Tensor Code Is Just Shader Code

One important thing to note here is that tensor cores are pretty much just big shader cores designed for a very specific operation. While shader cores perform operations like add or multiply on individual numbers (across multiple threads at the same time), tensor cores perform multiplication operations on matrices. They run instructions which sit in shader code just like the other data paths do, and if you look at Ampere's instruction set, you can see those instructions, labelled HMMA and IMMA. So when the dispatch unit comes across an FP32 instruction, it will send it to either of the first two data paths, when it comes across an INT32 instruction it will send it to the first data path, and when it comes across a matrix instruction, it will send it to the tensor core data path.

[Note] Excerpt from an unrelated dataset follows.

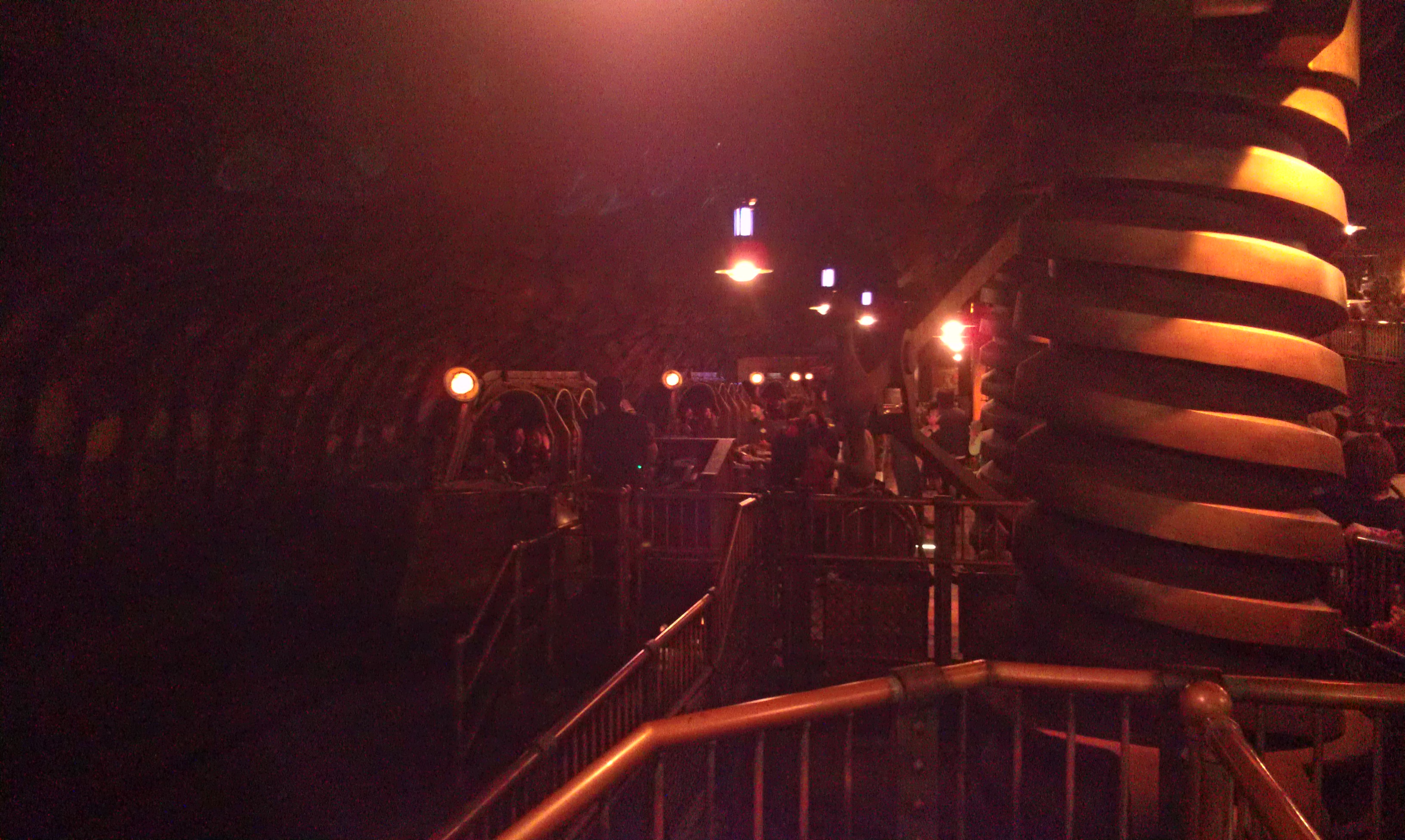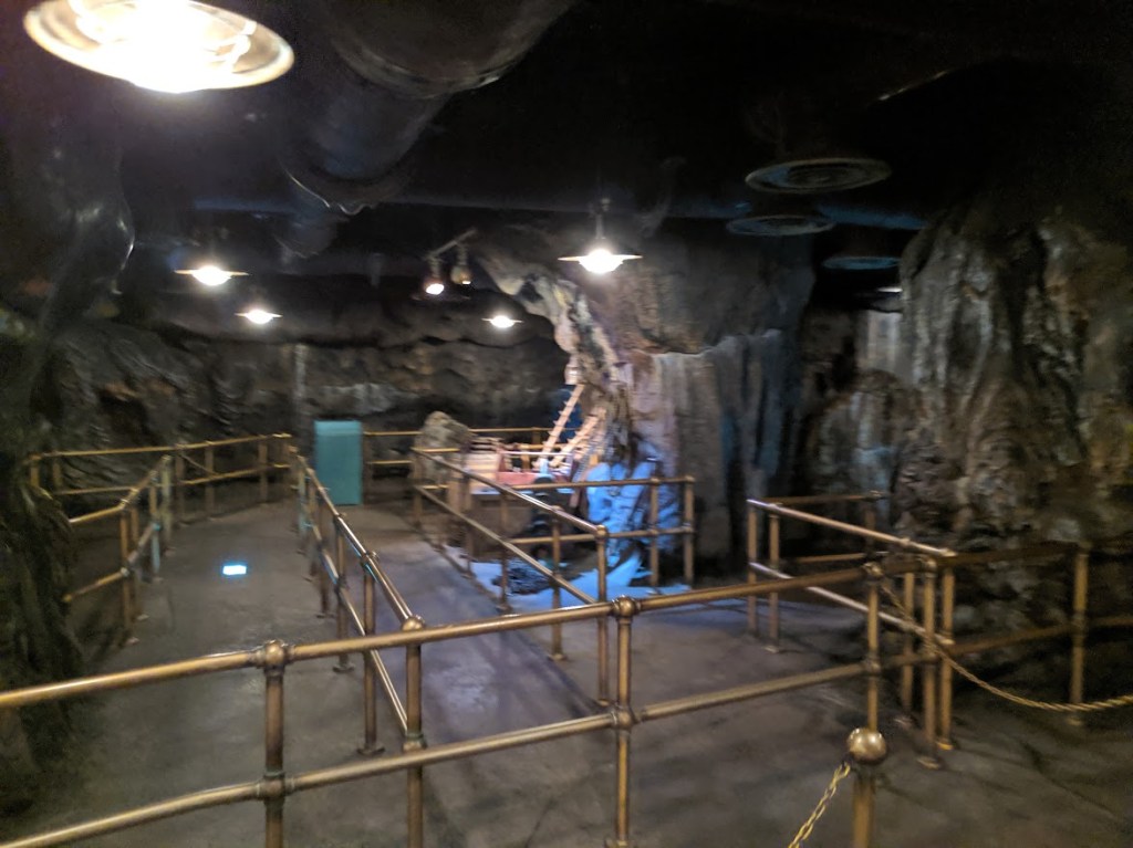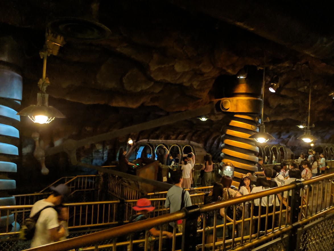 Large steam-powered bellows provide fresh air from the surface as ride vehicles regularly depart into the caves. As we go down in the queue, we pass by a communication station where someone in Japanese calls out that there are earthquakes in the safe path and it is not safe to proceed. Alas, the communication officer is away for tea, so the warning goes unheeded. Three ride cars are loaded at once in a dedicated loading area.

For those curious, it seems that these matrix multiplication instructions are synchronised across the entire warp, where a single matrix multiplication is split over the 32 threads in the warp. This makes a lot more sense than trying to execute 32 separate matrix multiplication operations simultaneously, which would require a huge amount of register space.

To understand how well the tensor core can operate concurrently with the other data paths, we need to know a bit more about these instructions. I'm going to focus on FP16 matrix multiplications but the same logic applies to TF32, BF16, INT8, etc. From Nvidia's documentation we know that Ampere supports two matrix sizes for these operations, 16x8x8 and 16x8x16. We'll first look at the 16x8x8 case, which means multiplying a 16x8 matrix by an 8x8 matrix. This requires 1024 FMA operations to execute.

We can calculate from Nvidia's advertised performance figures that each SM is capable of executing 512 FP16 tensor ops per clock, ignoring sparsity (their numbers claim double this, by counting FMA as two operations). This means that the tensor core in each SM partition can execute 128 FP16 operations per clock. So, a 16x8x8 multiplication which requires 1024 operations to complete would execute in 8 clock cycles. By the same logic, a 16x8x16 multiplication would execute in 16 cycles. Tensor ops in FP16 with sparsity use 16x8x32 multiplications (or really 16x8x16 after accounting for the sparsity structure) and also execute in 16 cycles.

Running Tensor Code Concurrently With Shader Code

Knowing that tensor cores run shader instructions, just like regular shader cores, and knowing how long those instructions take to execute, we can start to get an idea of how running tensor code like DLSS alongside regular shader code works.

Firstly, tensor code is bundled up in threads and warps just the same as any other code. For those 48 warps issued to an SM, you would have to have some regular shader code warps issued, and some warps which use tensor cores. For the sake of an example, let's say you have 32 warps of regular shader code, and 16 warps which use tensor cores. Then, for each SM partition, we can assume there are 8 warps of regular shader code issued to it, and 4 warps which use tensor cores.

Each cycle, the dispatch unit in an SM partition can dispatch one instruction from one of those 12 warps to one of the three data paths. To help illustrate how this would work, I've created a diagram showing a theoretically optimal case involving just standard FP32 instructions (let's say FMA) and FP16 matrix instructions of size 16x8x16:

temp-Imagec-DHh-Ao.avif


Each row is one clock cycle, going from top to bottom, and each column is one of the three data paths. On the left side I've shown what the dispatch unit is doing that cycle, and in each column I've shown colour when an operation is being executed (blue for FP32, green for tensor) with a dark line at the top where it's dispatched. If a cell is white, that data path is idle.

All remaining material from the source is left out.